Top of Information shown

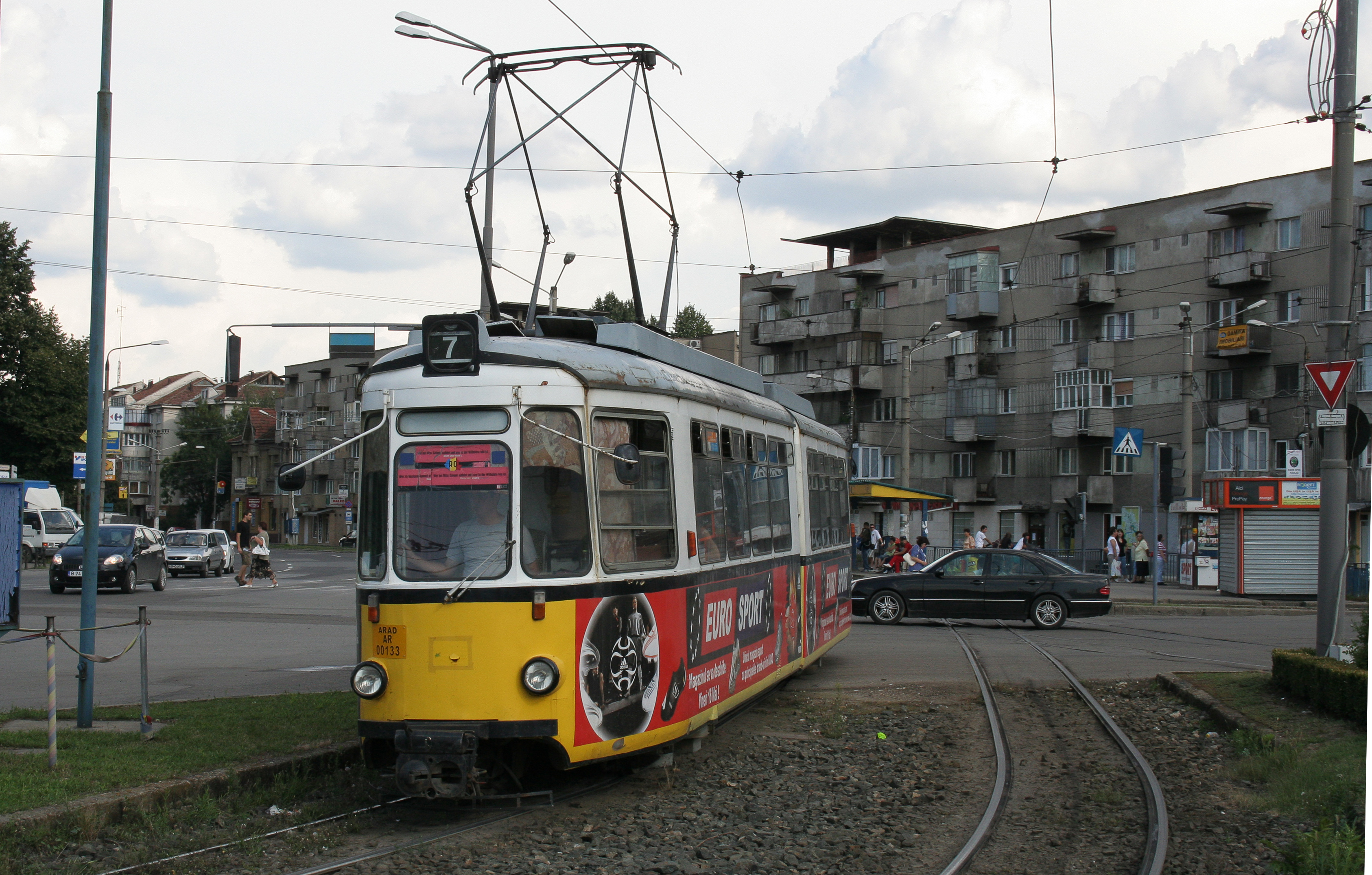 GT4-tram ex Stuttgart in Arad
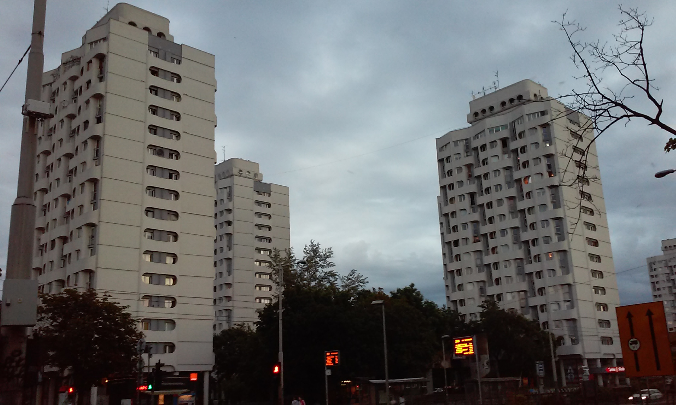 Residential and commercial building complex at pl. Grunwaldzki (Grunwald Square) in Wrocław, Poland
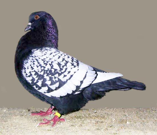 Polish Lynx (Black Laced)
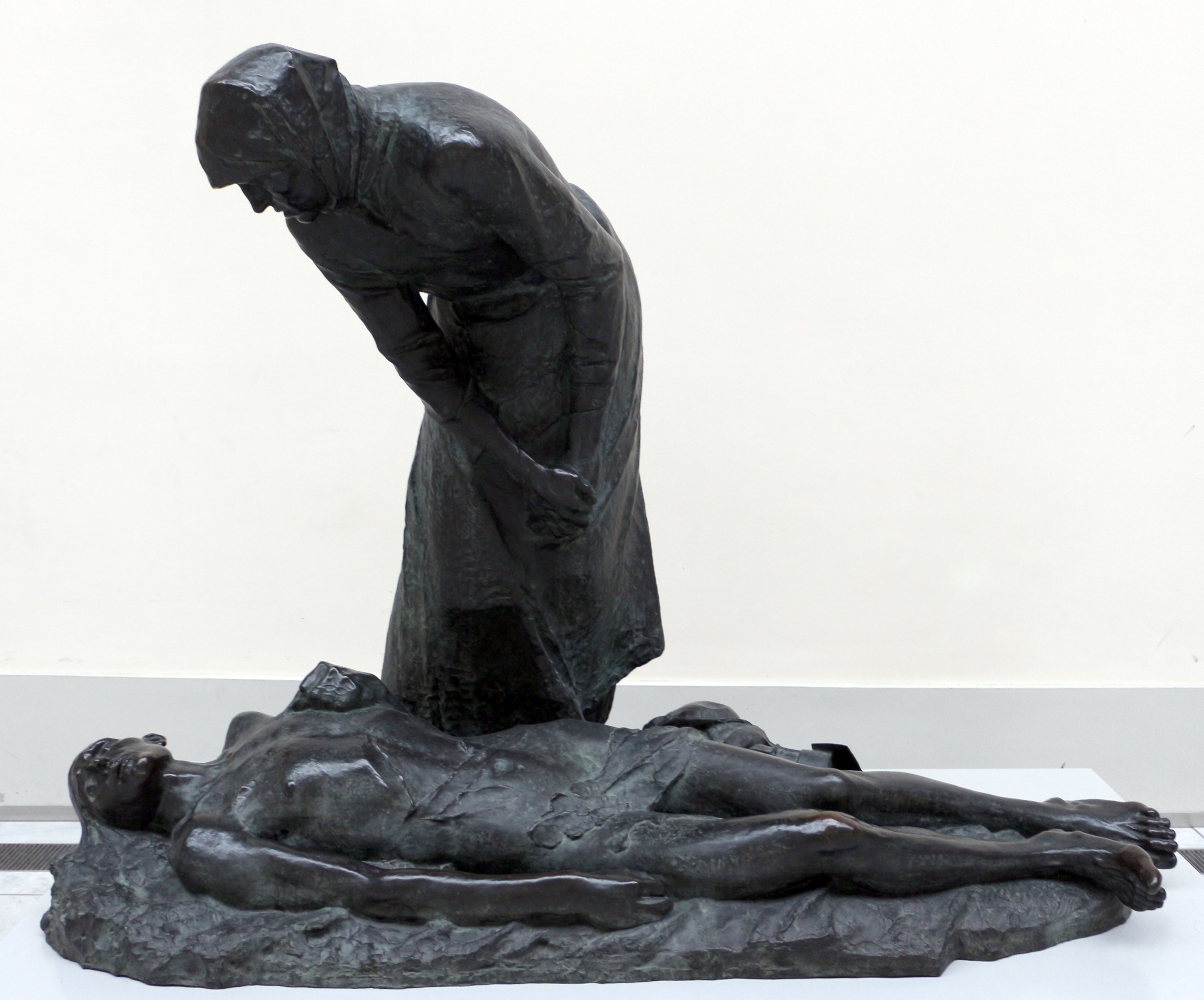 Sculptures in the Royal Museums of Fine Arts of Belgium

Bottom of Information shown

* Instructions to follow: Please restate the material word for word; the pictures stay out.

* Result:
 GT4-tram ex Stuttgart in Arad
 Residential and commercial building complex at pl. Grunwaldzki (Grunwald Square) in Wrocław, Poland
 Polish Lynx (Black Laced)
 Sculptures in the Royal Museums of Fine Arts of Belgium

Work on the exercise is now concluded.